**TASK INSTRUCTIONS**
Reproduce the entries that follow exactly, dropping each image.

**EXCERPTED DATA**
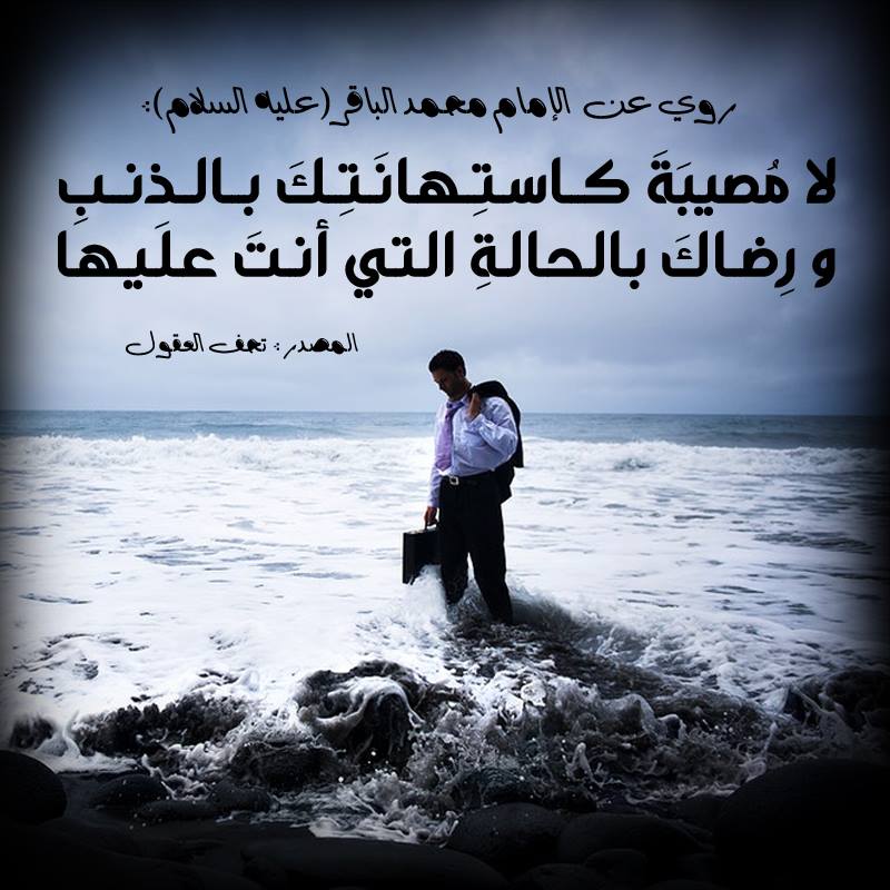 رُوِيَ عن الإمام محمد بن علي الباقر ( عليه السلام ) أنهُ قَالَ : لا مُصيبَةَ كاستِهانَتِكَ بالذنبِ و رِضاكَ بالحالةِ التي أنتَ علَيها .
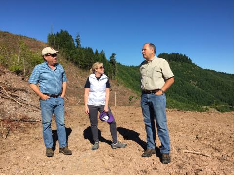 OFRI Executive Director Erin Isselmann, center, joins OFRI board chairman Quincy Powers, left, and Giustina Resources' Pete Sikora, right, on a forest tour near Eugene.
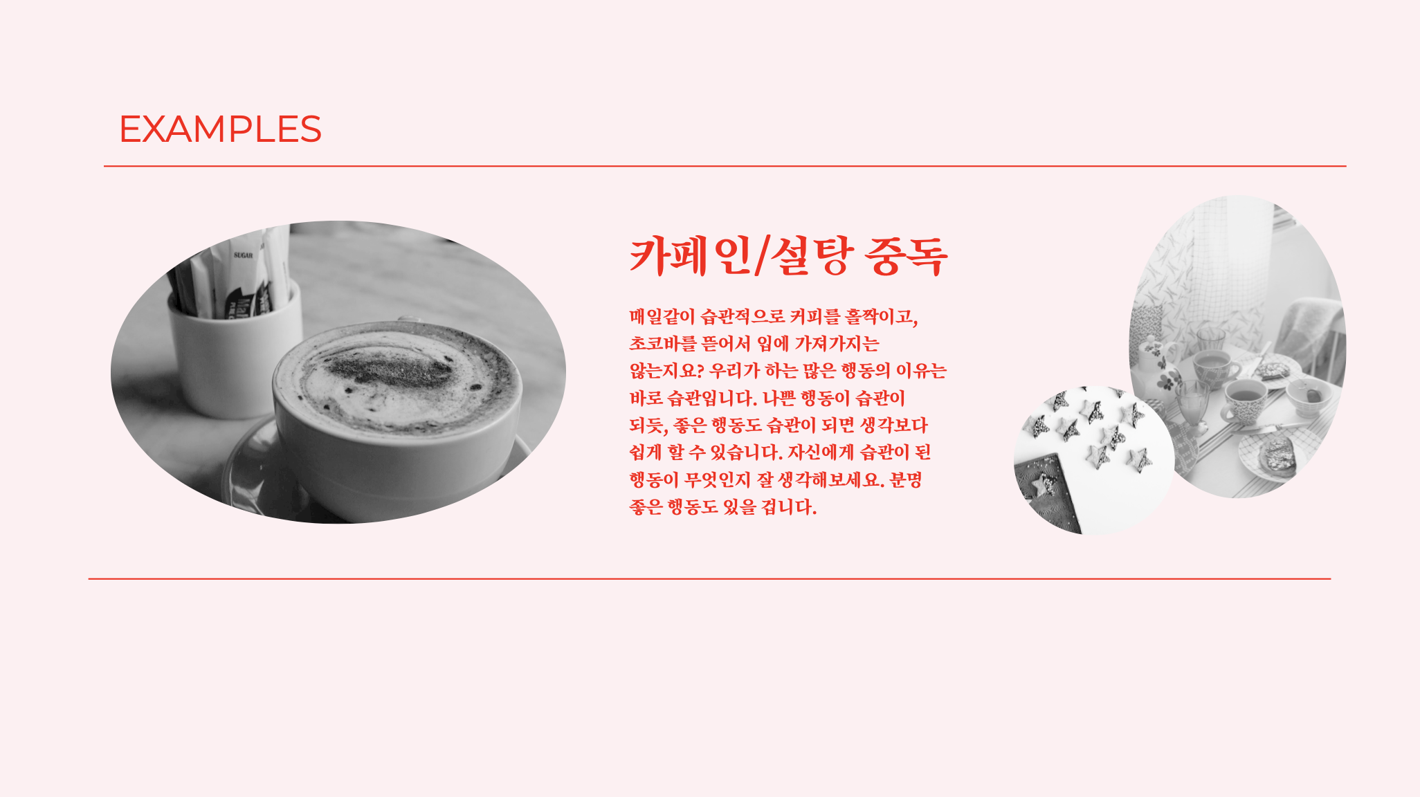 오늘은 지난 "네온퍼플 심플텍스트"에서 변형본 세 번째 시간으로, 핑크레드 버전의 색다른 구글 슬라이드(Google Slides) 무료 템플릿을 만들어 보았습니다. 글씨체도, 컨셉도 똑같지만 이번에는 요새 디자이너들이 많이 쓰는, 거의 클래식이라고 할 수 있는 연핑크와 레드 조합으로 만들어 보았어요.
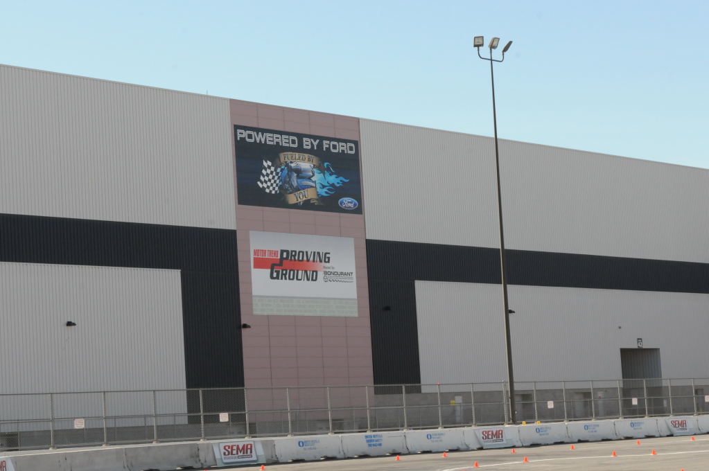 Description: Bob Bondurant instructors take SEMA participants around SEMA MotorTrend Proving Ground in C6 Corvettes Photos from SEMA Convention 2009
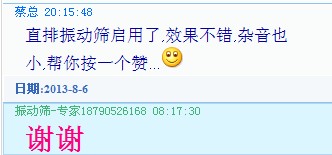 您好,得知您購買我們的ZPS-800型直排篩現(xiàn)已投入到生產(chǎn)中,并且效果很好,雜音也很小,為此向你祝賀。我們大漢公司生產(chǎn)的一系列振動篩,振動振動篩,直排篩,試驗篩,拍擊篩,氣流篩因做工扎實,質(zhì)量可靠而受到廣大客戶的稱贊。
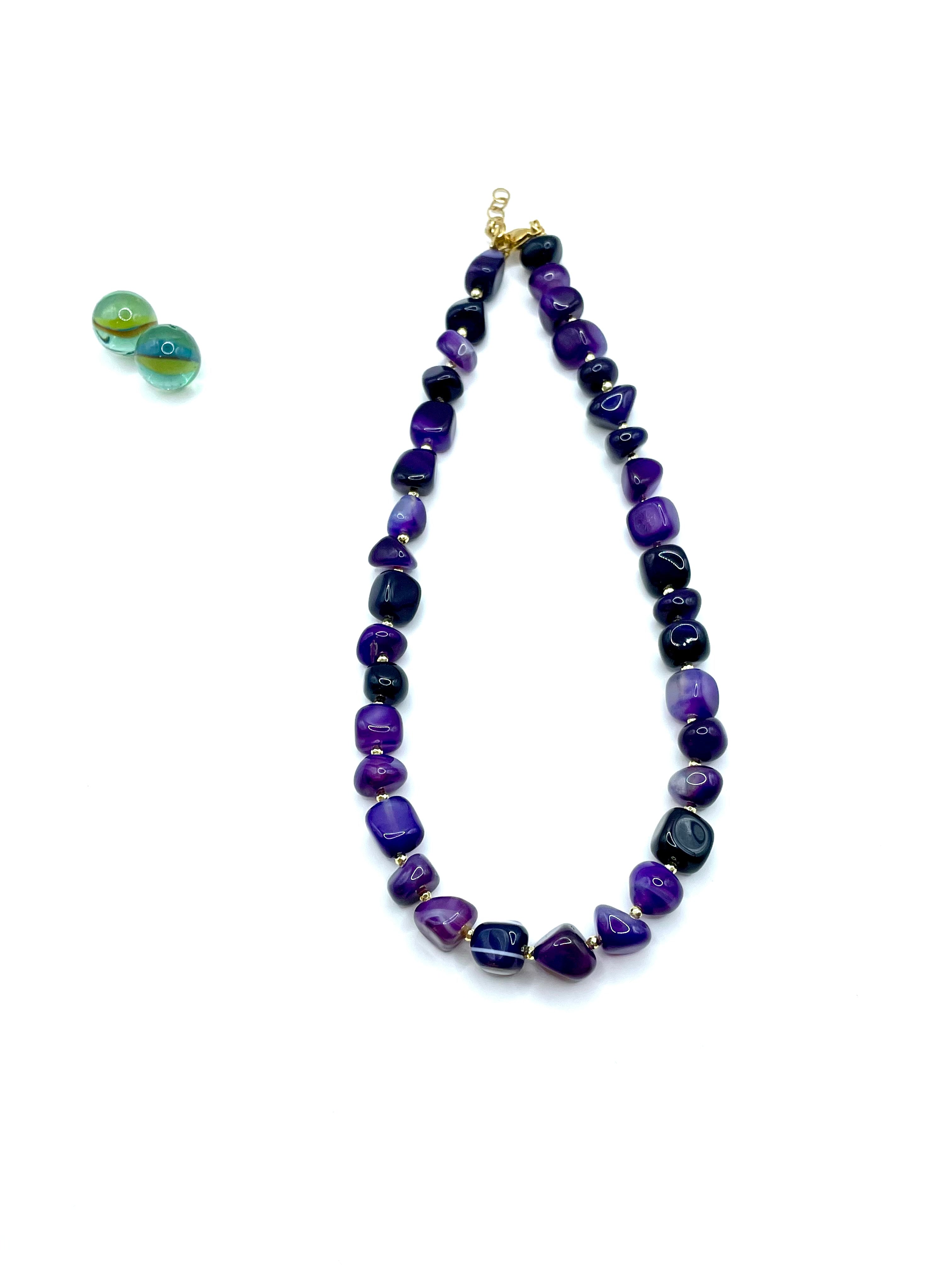 Χειροποίητο κολιέ από ημιπολύτιμες πέτρες μοβ νεφρίτη (jade) σε ακανόνιστο σχήμα και χρυσό αιματίτη .
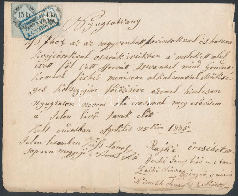 1865 Nyugtatvány 15kr fekvő vízjelű "E" + 4kr okmánybélyeggel, kék "VA... https://www.darabanth.com/de/230-Fernauktion/230.0/Andere-Sammelgebiete/Stempelmarken~200028/1865-Nyugtatvany-15kr-fekvo-vizjelu-E-plus-4kr-okmanybelyeggel-kek-VASMEGYE-ARVASZEKI~II1035498
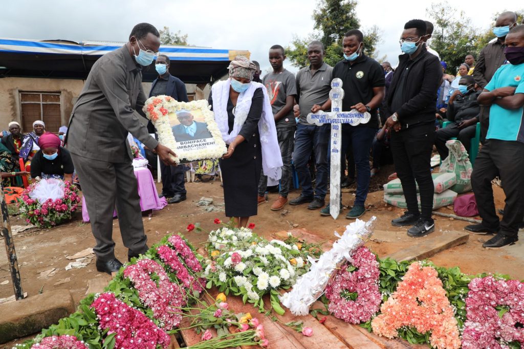 Waziri wa Nishati,Medard Kalemani akiweka shada juu ya kaburi la Baba Mzazi wa Waziri wa Mambo ya Ndani ya Nchi, George Simbachawene, Marehemu Boniface Simbachawene , wakati wa ibada ya mazishi yaliyofanyika katika Kijiji cha Pwaga kilichopo Jimbo la Kibakwe , wilayani Mpwapwa mkoani Dodoma.
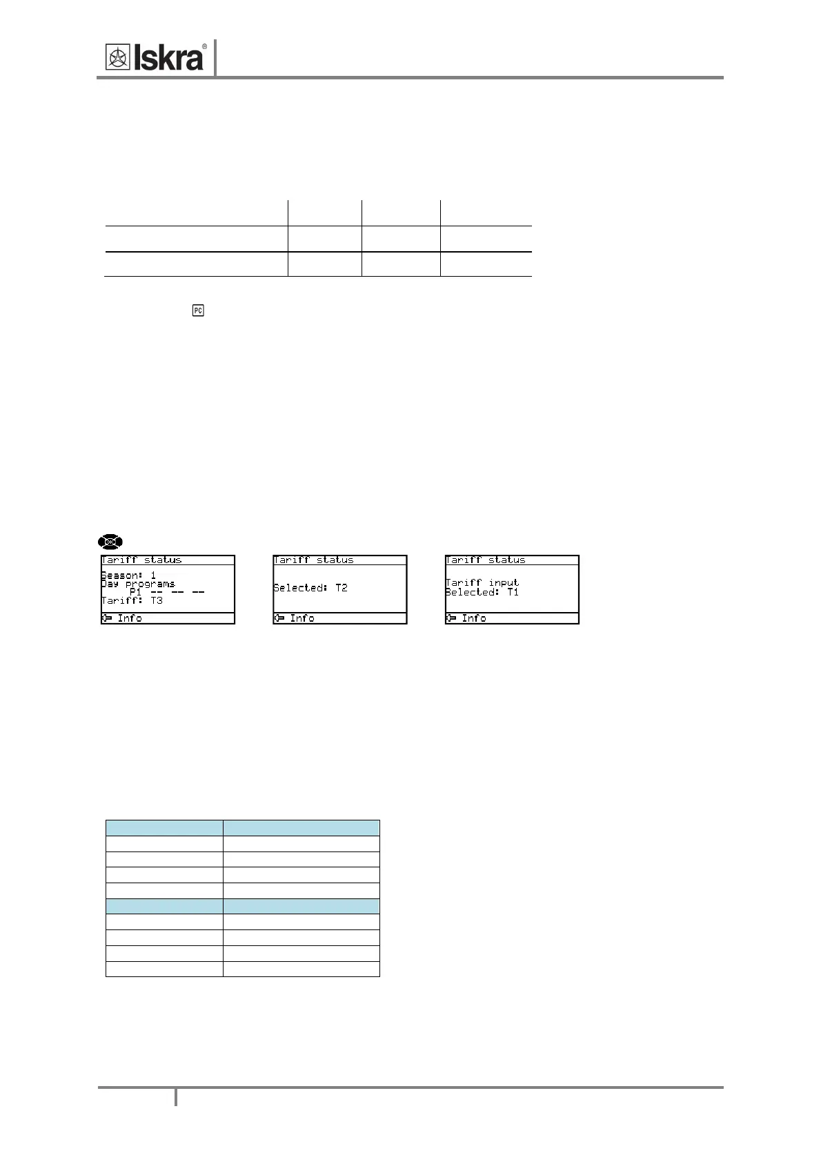 TariffstatusisdisplayedintheInfomenu.
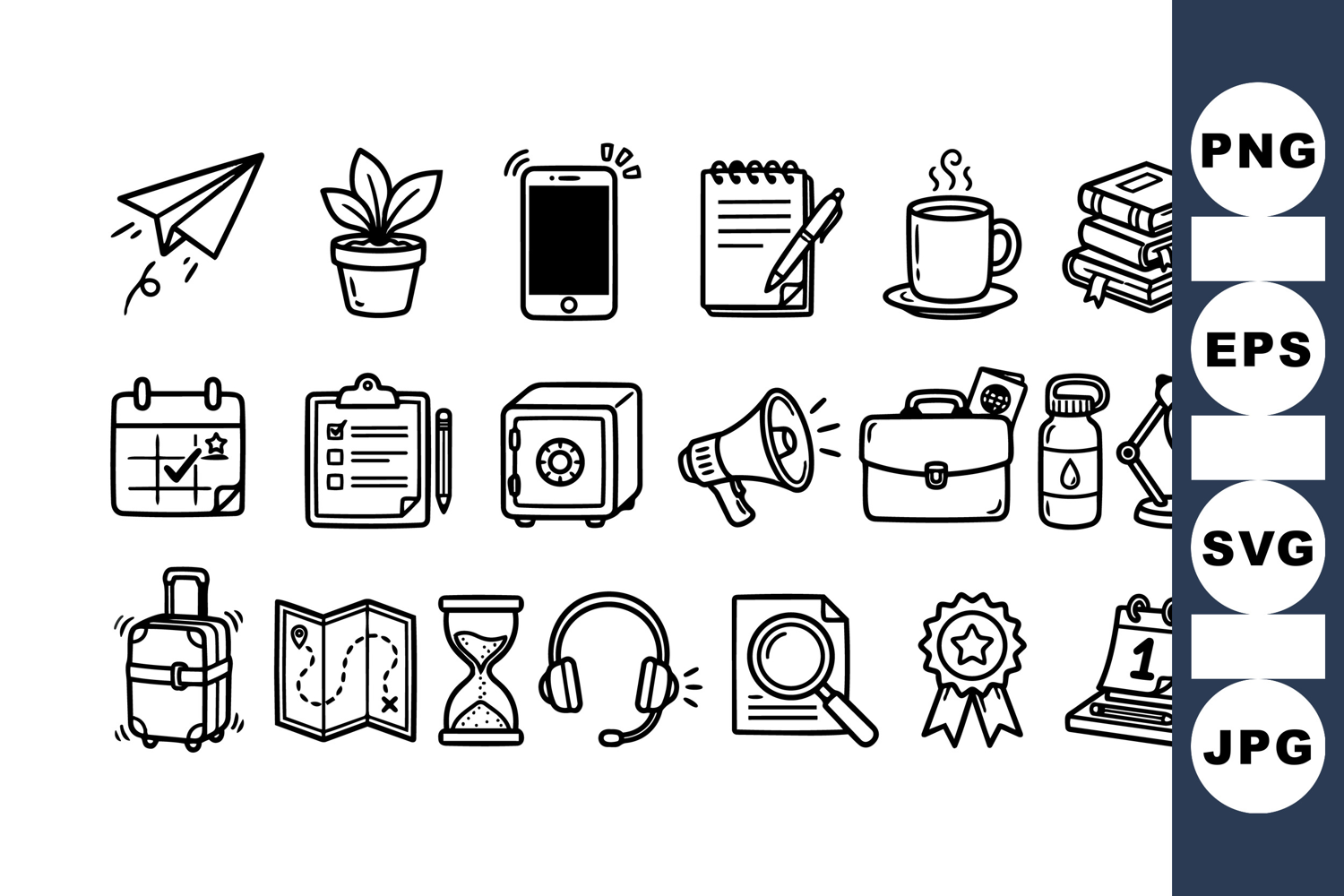 Hand Drawn Icons Office Supplies Clipart Vector Icon Collection Office Technology Icons Communication Vector Set Productivity Icon Bundle Business Planning Kit Business Office Set Workplace Vector Pack Travel And Time Icons

**ANSWER BOX**
 رُوِيَ عن الإمام محمد بن علي الباقر ( عليه السلام ) أنهُ قَالَ : لا مُصيبَةَ كاستِهانَتِكَ بالذنبِ و رِضاكَ بالحالةِ التي أنتَ علَيها .
 OFRI Executive Director Erin Isselmann, center, joins OFRI board chairman Quincy Powers, left, and Giustina Resources' Pete Sikora, right, on a forest tour near Eugene.
 오늘은 지난 "네온퍼플 심플텍스트"에서 변형본 세 번째 시간으로, 핑크레드 버전의 색다른 구글 슬라이드(Google Slides) 무료 템플릿을 만들어 보았습니다. 글씨체도, 컨셉도 똑같지만 이번에는 요새 디자이너들이 많이 쓰는, 거의 클래식이라고 할 수 있는 연핑크와 레드 조합으로 만들어 보았어요.
 Description: Bob Bondurant instructors take SEMA participants around SEMA MotorTrend Proving Ground in C6 Corvettes Photos from SEMA Convention 2009
 您好,得知您購買我們的ZPS-800型直排篩現(xiàn)已投入到生產(chǎn)中,并且效果很好,雜音也很小,為此向你祝賀。我們大漢公司生產(chǎn)的一系列振動篩,振動振動篩,直排篩,試驗篩,拍擊篩,氣流篩因做工扎實,質(zhì)量可靠而受到廣大客戶的稱贊。
 Χειροποίητο κολιέ από ημιπολύτιμες πέτρες μοβ νεφρίτη (jade) σε ακανόνιστο σχήμα και χρυσό αιματίτη .
 1865 Nyugtatvány 15kr fekvő vízjelű "E" + 4kr okmánybélyeggel, kék "VA... https://www.darabanth.com/de/230-Fernauktion/230.0/Andere-Sammelgebiete/Stempelmarken~200028/1865-Nyugtatvany-15kr-fekvo-vizjelu-E-plus-4kr-okmanybelyeggel-kek-VASMEGYE-ARVASZEKI~II1035498
 Waziri wa Nishati,Medard Kalemani akiweka shada juu ya kaburi la Baba Mzazi wa Waziri wa Mambo ya Ndani ya Nchi, George Simbachawene, Marehemu Boniface Simbachawene , wakati wa ibada ya mazishi yaliyofanyika katika Kijiji cha Pwaga kilichopo Jimbo la Kibakwe , wilayani Mpwapwa mkoani Dodoma.
 TariffstatusisdisplayedintheInfomenu.
 Hand Drawn Icons Office Supplies Clipart Vector Icon Collection Office Technology Icons Communication Vector Set Productivity Icon Bundle Business Planning Kit Business Office Set Workplace Vector Pack Travel And Time Icons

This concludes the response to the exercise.